--- ASSIGNED TASK ---
In the entries below, print exactly the lines from the first through the one with "Flat-style illustration of", both included, and none of the pictures.

--- DATA SUPPLIED ---
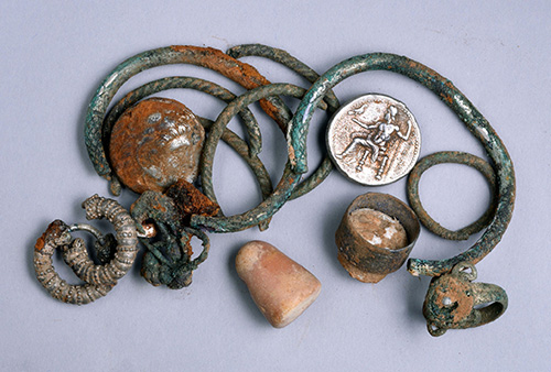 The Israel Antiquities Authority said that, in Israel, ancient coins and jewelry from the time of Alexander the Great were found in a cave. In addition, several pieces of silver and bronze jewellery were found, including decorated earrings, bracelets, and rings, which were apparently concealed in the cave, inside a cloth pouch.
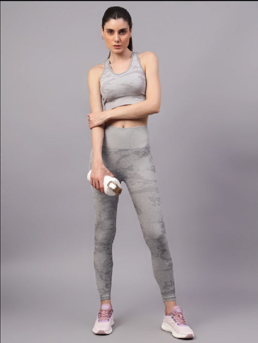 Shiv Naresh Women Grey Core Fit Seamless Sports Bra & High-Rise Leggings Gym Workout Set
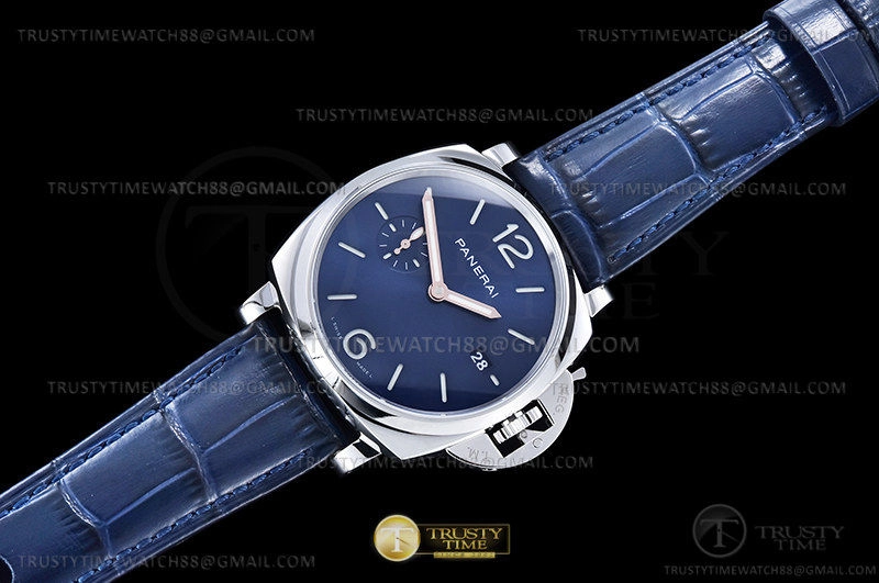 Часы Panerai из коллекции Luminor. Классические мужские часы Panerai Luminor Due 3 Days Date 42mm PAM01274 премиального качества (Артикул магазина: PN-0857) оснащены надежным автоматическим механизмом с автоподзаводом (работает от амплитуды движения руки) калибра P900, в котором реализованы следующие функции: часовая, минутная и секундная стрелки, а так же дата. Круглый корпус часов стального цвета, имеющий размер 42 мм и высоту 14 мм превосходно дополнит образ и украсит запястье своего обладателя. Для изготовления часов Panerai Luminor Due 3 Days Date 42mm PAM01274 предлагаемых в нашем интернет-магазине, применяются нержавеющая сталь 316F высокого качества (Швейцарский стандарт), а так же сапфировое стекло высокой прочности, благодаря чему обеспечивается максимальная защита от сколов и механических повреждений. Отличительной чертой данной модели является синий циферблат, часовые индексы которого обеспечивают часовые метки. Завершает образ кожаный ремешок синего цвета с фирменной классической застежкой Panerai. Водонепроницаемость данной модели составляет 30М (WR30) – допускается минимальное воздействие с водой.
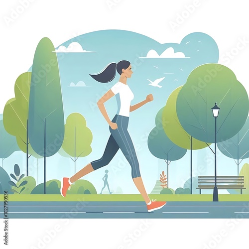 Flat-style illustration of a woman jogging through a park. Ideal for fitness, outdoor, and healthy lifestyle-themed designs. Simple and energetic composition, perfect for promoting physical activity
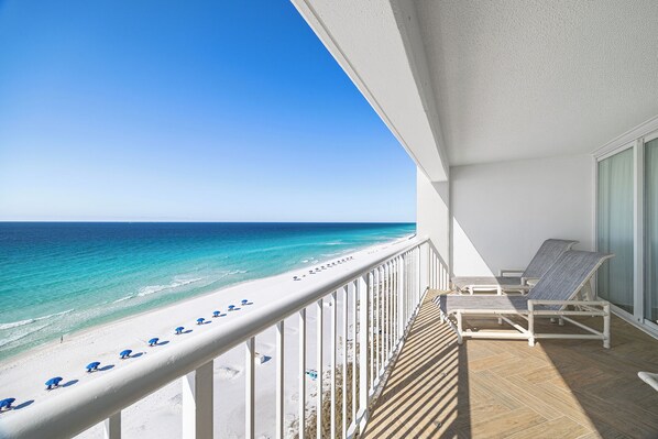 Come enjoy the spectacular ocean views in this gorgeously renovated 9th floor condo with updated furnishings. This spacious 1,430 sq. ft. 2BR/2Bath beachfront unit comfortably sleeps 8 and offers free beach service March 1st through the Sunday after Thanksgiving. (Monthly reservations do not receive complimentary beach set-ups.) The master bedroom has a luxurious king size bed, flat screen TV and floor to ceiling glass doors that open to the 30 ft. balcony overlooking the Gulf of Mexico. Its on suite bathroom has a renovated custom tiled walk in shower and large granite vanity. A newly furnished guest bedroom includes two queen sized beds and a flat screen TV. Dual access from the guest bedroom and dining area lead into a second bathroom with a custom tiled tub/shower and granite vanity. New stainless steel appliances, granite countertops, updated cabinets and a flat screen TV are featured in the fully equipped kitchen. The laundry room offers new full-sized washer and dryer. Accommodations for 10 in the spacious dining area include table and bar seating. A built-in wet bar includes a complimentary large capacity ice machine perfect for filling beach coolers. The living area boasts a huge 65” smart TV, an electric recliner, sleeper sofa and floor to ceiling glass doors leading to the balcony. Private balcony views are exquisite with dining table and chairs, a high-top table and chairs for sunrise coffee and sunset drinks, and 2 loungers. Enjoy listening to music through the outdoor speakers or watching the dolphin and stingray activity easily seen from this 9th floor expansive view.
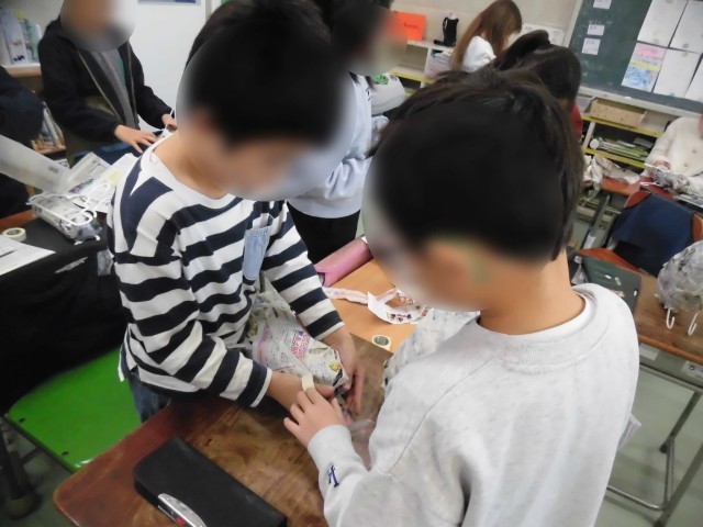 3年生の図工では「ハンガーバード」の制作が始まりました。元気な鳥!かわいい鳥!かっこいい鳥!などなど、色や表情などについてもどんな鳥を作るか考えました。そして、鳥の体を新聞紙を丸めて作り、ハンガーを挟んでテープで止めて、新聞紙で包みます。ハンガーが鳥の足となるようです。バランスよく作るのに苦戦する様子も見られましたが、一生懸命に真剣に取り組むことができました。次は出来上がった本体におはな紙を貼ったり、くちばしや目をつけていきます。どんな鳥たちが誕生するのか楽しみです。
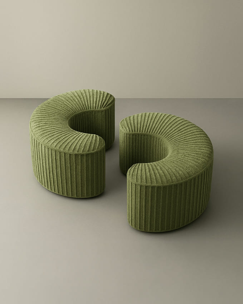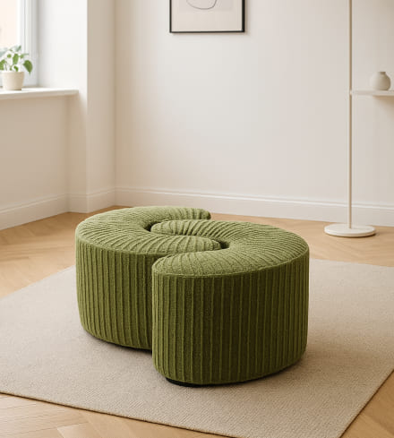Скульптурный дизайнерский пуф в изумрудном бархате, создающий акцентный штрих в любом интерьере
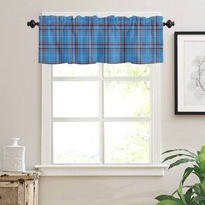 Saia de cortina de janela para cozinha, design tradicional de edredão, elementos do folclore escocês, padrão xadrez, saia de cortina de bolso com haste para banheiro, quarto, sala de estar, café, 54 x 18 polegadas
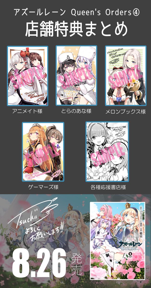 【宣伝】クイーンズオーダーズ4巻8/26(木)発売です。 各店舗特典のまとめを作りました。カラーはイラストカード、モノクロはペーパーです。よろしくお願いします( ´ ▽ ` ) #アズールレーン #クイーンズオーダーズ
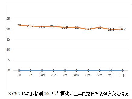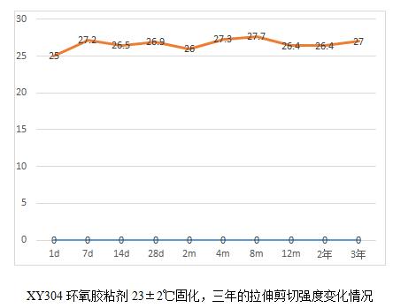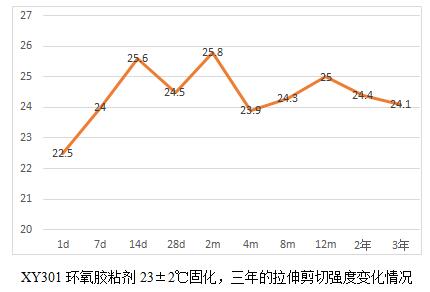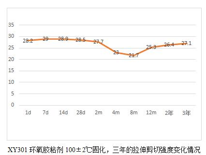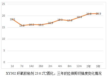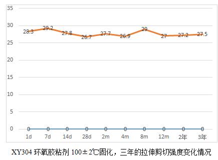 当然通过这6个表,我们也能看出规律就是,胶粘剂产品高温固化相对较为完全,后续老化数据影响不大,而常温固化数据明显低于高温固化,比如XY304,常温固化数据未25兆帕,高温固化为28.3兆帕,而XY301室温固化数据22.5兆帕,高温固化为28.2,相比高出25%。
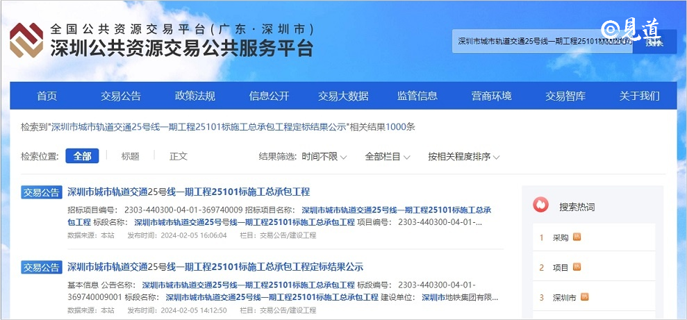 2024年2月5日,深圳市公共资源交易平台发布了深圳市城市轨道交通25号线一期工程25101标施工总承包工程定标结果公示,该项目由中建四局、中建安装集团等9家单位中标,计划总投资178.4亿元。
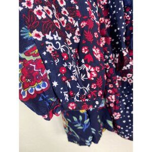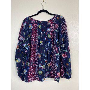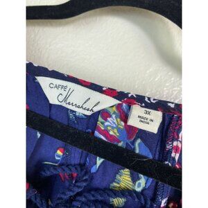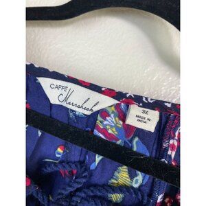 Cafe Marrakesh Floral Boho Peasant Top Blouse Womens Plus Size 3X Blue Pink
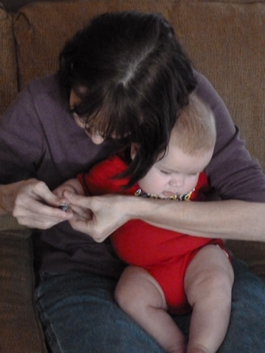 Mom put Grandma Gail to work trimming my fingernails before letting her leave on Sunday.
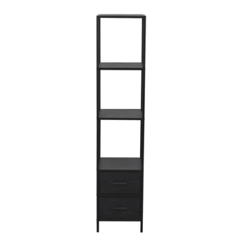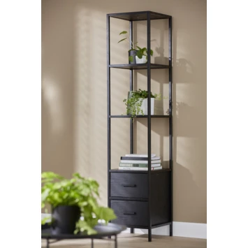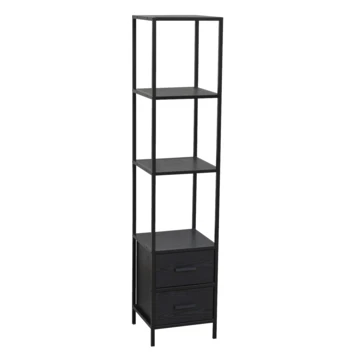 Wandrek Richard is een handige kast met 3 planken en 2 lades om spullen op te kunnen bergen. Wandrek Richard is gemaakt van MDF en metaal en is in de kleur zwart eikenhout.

--- PROBLEM SOLUTION ---
 The Israel Antiquities Authority said that, in Israel, ancient coins and jewelry from the time of Alexander the Great were found in a cave. In addition, several pieces of silver and bronze jewellery were found, including decorated earrings, bracelets, and rings, which were apparently concealed in the cave, inside a cloth pouch.
 Shiv Naresh Women Grey Core Fit Seamless Sports Bra & High-Rise Leggings Gym Workout Set
 Часы Panerai из коллекции Luminor. Классические мужские часы Panerai Luminor Due 3 Days Date 42mm PAM01274 премиального качества (Артикул магазина: PN-0857) оснащены надежным автоматическим механизмом с автоподзаводом (работает от амплитуды движения руки) калибра P900, в котором реализованы следующие функции: часовая, минутная и секундная стрелки, а так же дата. Круглый корпус часов стального цвета, имеющий размер 42 мм и высоту 14 мм превосходно дополнит образ и украсит запястье своего обладателя. Для изготовления часов Panerai Luminor Due 3 Days Date 42mm PAM01274 предлагаемых в нашем интернет-магазине, применяются нержавеющая сталь 316F высокого качества (Швейцарский стандарт), а так же сапфировое стекло высокой прочности, благодаря чему обеспечивается максимальная защита от сколов и механических повреждений. Отличительной чертой данной модели является синий циферблат, часовые индексы которого обеспечивают часовые метки. Завершает образ кожаный ремешок синего цвета с фирменной классической застежкой Panerai. Водонепроницаемость данной модели составляет 30М (WR30) – допускается минимальное воздействие с водой.
 Flat-style illustration of a woman jogging through a park. Ideal for fitness, outdoor, and healthy lifestyle-themed designs. Simple and energetic composition, perfect for promoting physical activity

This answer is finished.